It took a village to deliver my baby sister

Born a Proper Bostonian, merely because that's where my mother was at the time, I lingered in The Hub to absorb culture and decency for 10 years, and then brought my parents to Maine. There we could live in rude and uncouth fashion without attracting attention, a move brought about because my father, a railway postal clerk, was assigned to a new job that began at Portland rather than Boston.

It wasn't the principle of the thing; it was the money. My father always said he'd rather be rich in Maine than poor in Boston. My father found a place he could buy in the small town of Freeport and we arrived in the last week of May, 1918. We were five: my sister and brother, who were both younger than I, and our father and mother, who were not.

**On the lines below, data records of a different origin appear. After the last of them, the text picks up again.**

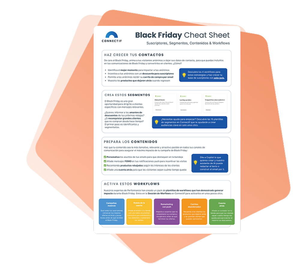 Esta chuleta te ayudará a ponerte en marcha. Incluye ideas para crear segmentos de audiencia, contenidos de campaña, workflows e informes, además de consejos útiles sobre cómo Connectif puede ayudarte a llegar antes a tus objetivos.
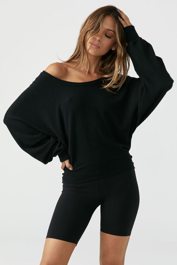 OFF-THE-SHOULDER PULLOVER WITH FITTED CUFFS AND DOLMAN SLEEVES.
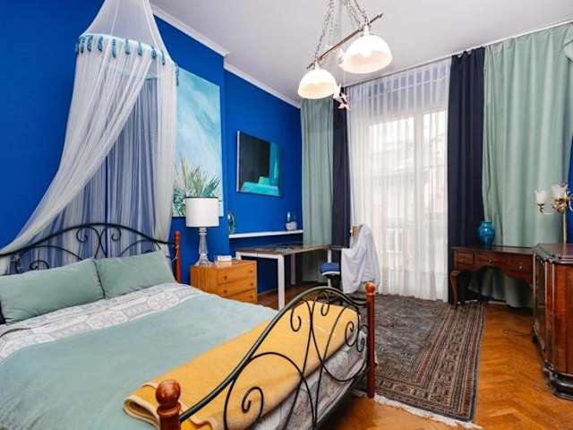 Das Fine Art Luxury Apartment erstreckt sich über 110 m2 und bietet viel Platz für einen angenehmen Aufenthalt. Die Wohnung ist modern eingerichtet und verfügt über einen Balkon. Es besteht die Möglichkeit, einen Privatparkplatz gegen Aufpreis zu arrangieren.
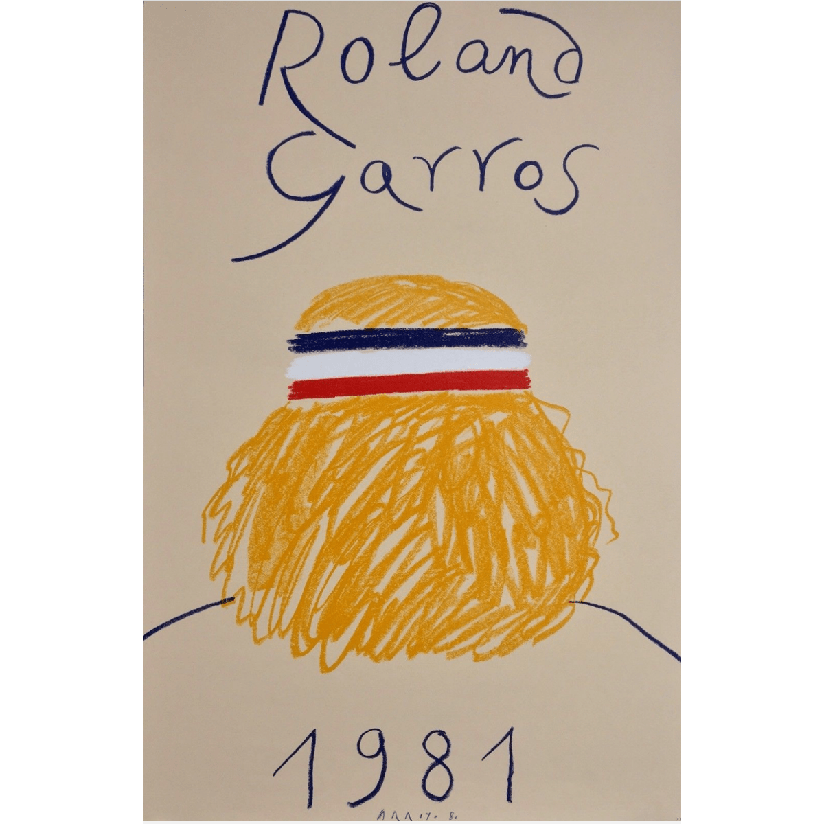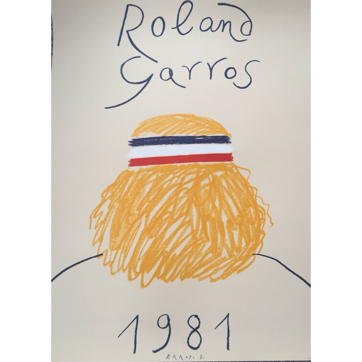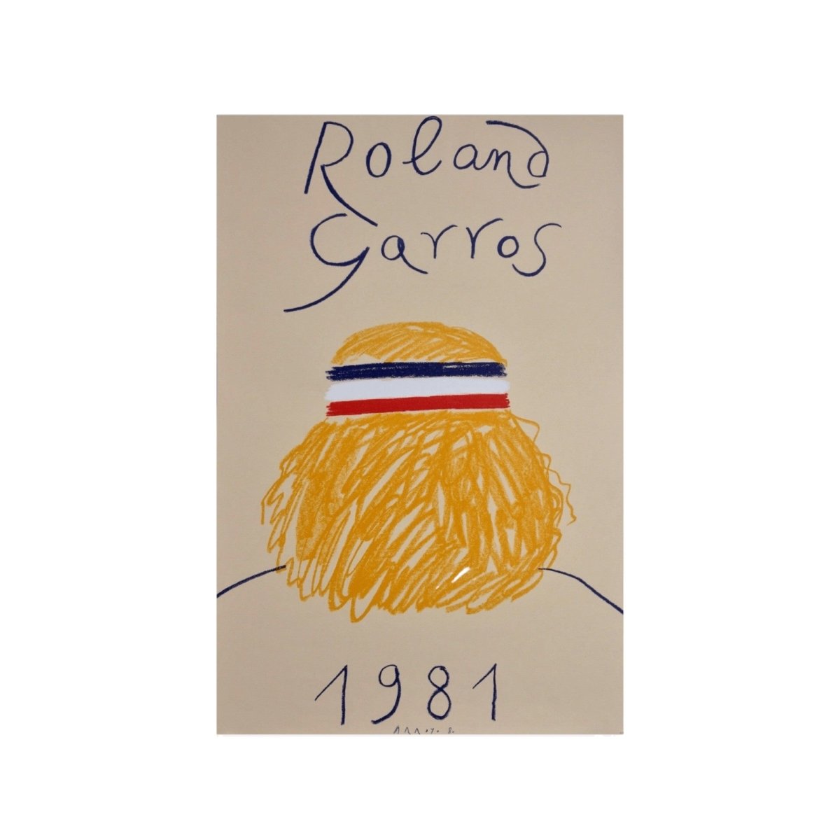 1981 Roland Garros French Open Tennis Poster by Eduardo Arroyo. Original 1981 promotional poster for the French Open at Roland Garros. Freehand illustration design of Bjorn Borg by Eduardo Arroyo.
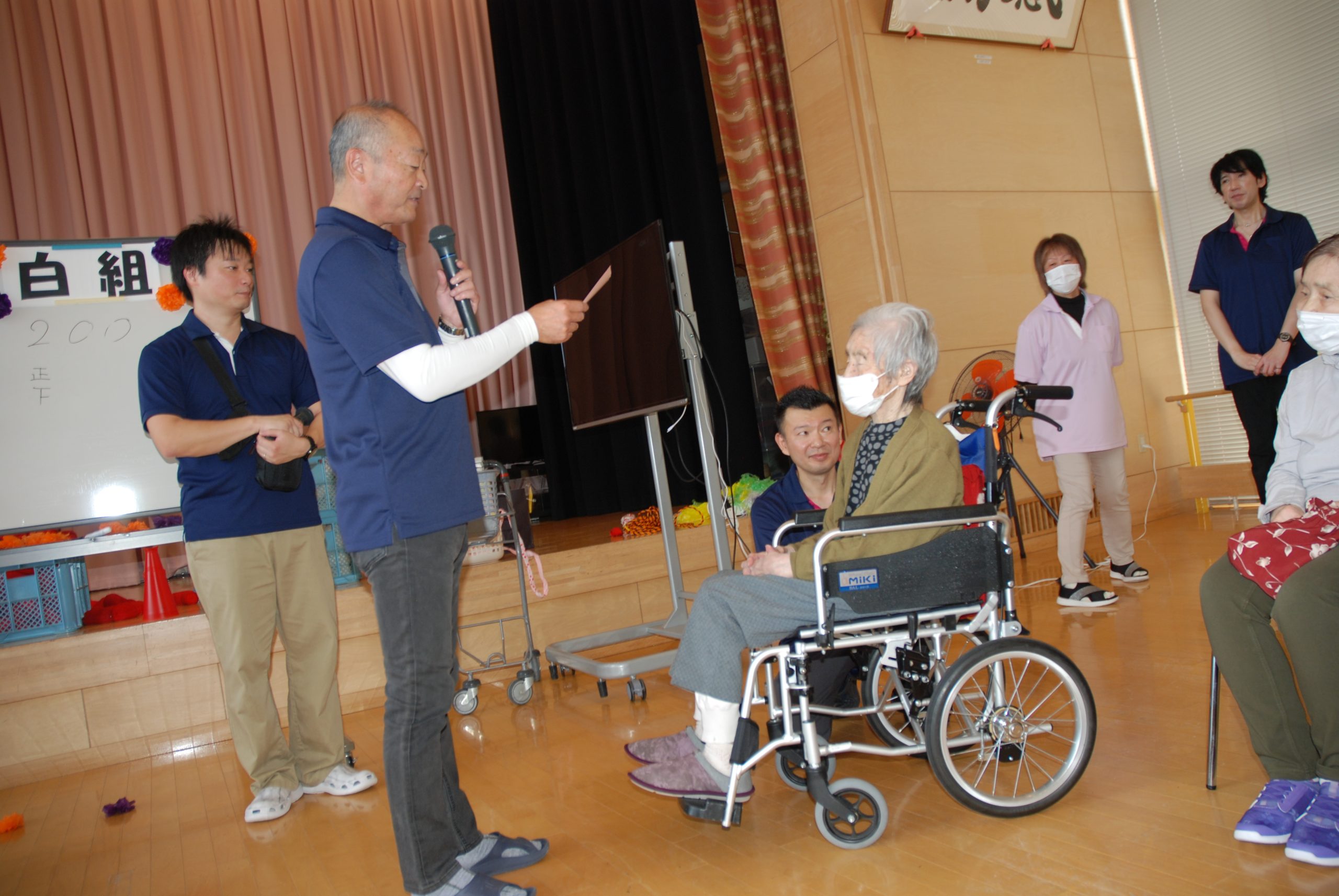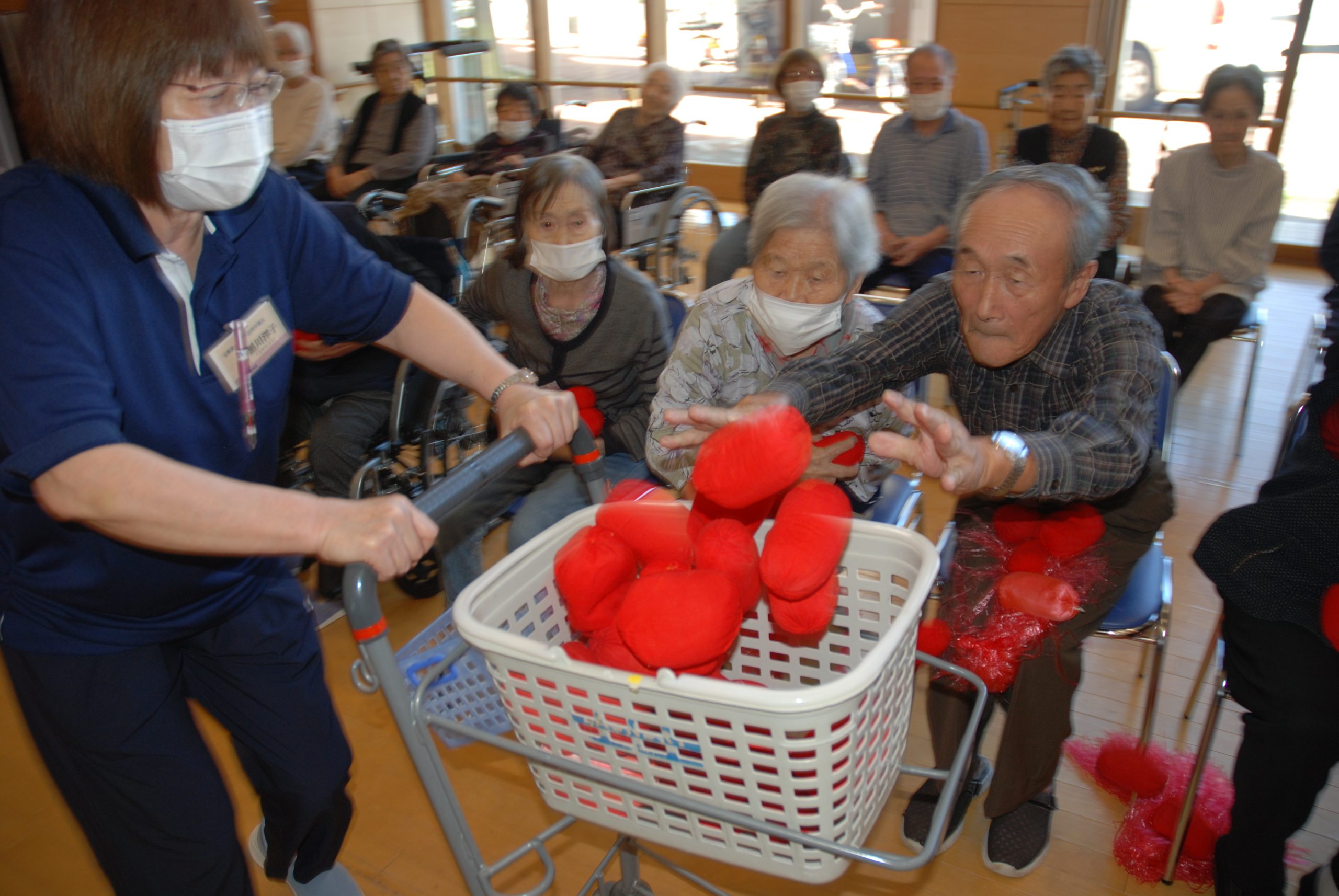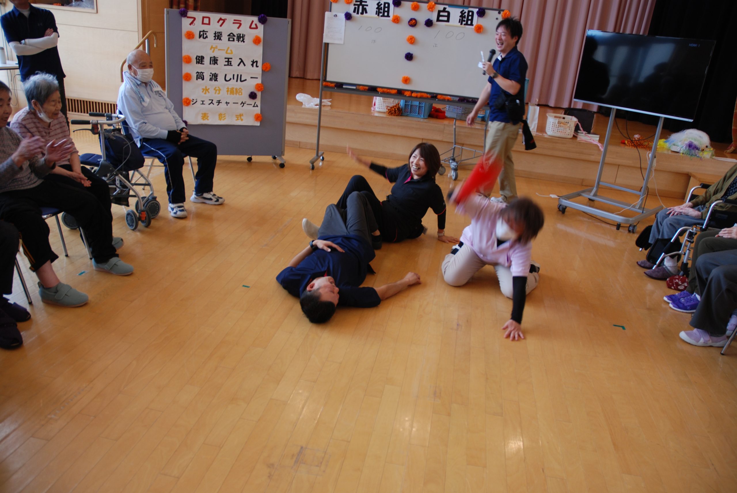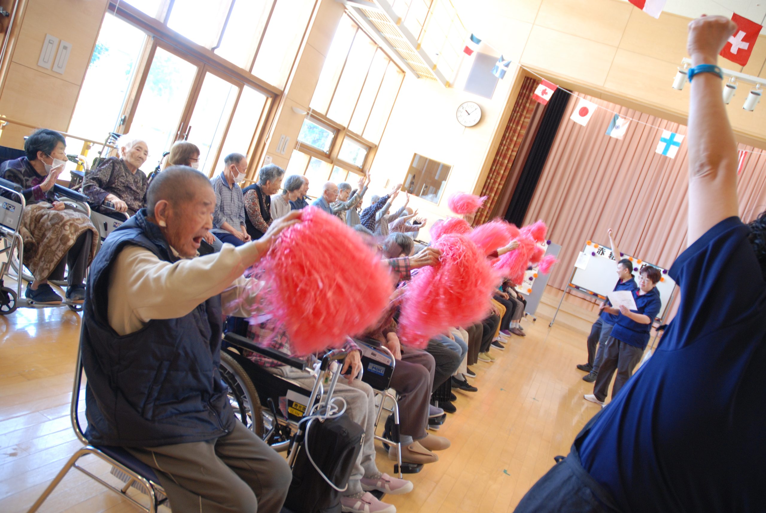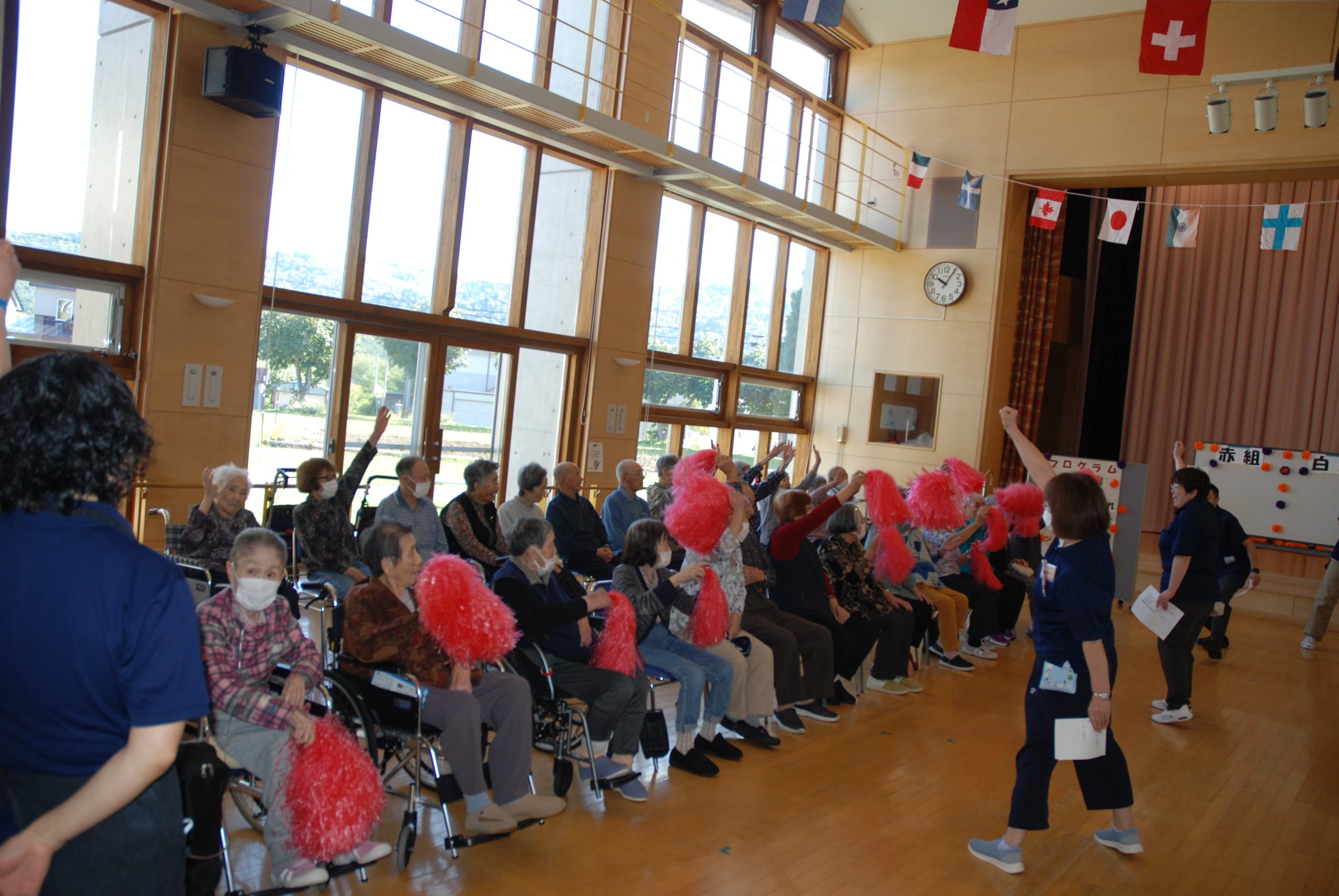 カゴが移動するので皆さんは座ったままでの玉入れです・・が、思わず立ってしまう方もいらっしゃいました(^^)

The sixth was Baby Sister Kathryn, who was, as we Mainers put it, "in the oven," and would appear in August.

That was a good year all around, including the end of the war in Europe. Our parents were both farm youngsters and were glad to be back with room for a garden, fruits and berries, a cow and a pig, some bees, and most of all a relaxed place to bring up four youngsters. Freeport, and the place my father was fortunate to find, suited. The town had two villages, Freeport and South Freeport, two miles apart. South Freeport was the harbor where, in seafaring days, ships were lofted and launched by the baker's dozens.

Otherwise Freeport was neighborhoods: Hillside, Porters Landing, Pigtoe, Staples Point, Wolf's Neck, Flying Point, Wardtown, and so on. Street lamps stopped a few poles from the "Corner," the business center. The road through Freeport was designated US 1 and ran from Maine to Florida, but in 1918 it was unpaved, and as automobiles were few, nobody had ever followed it from end to end. An electric trolley line gave hourly service each way and connected with longer lines.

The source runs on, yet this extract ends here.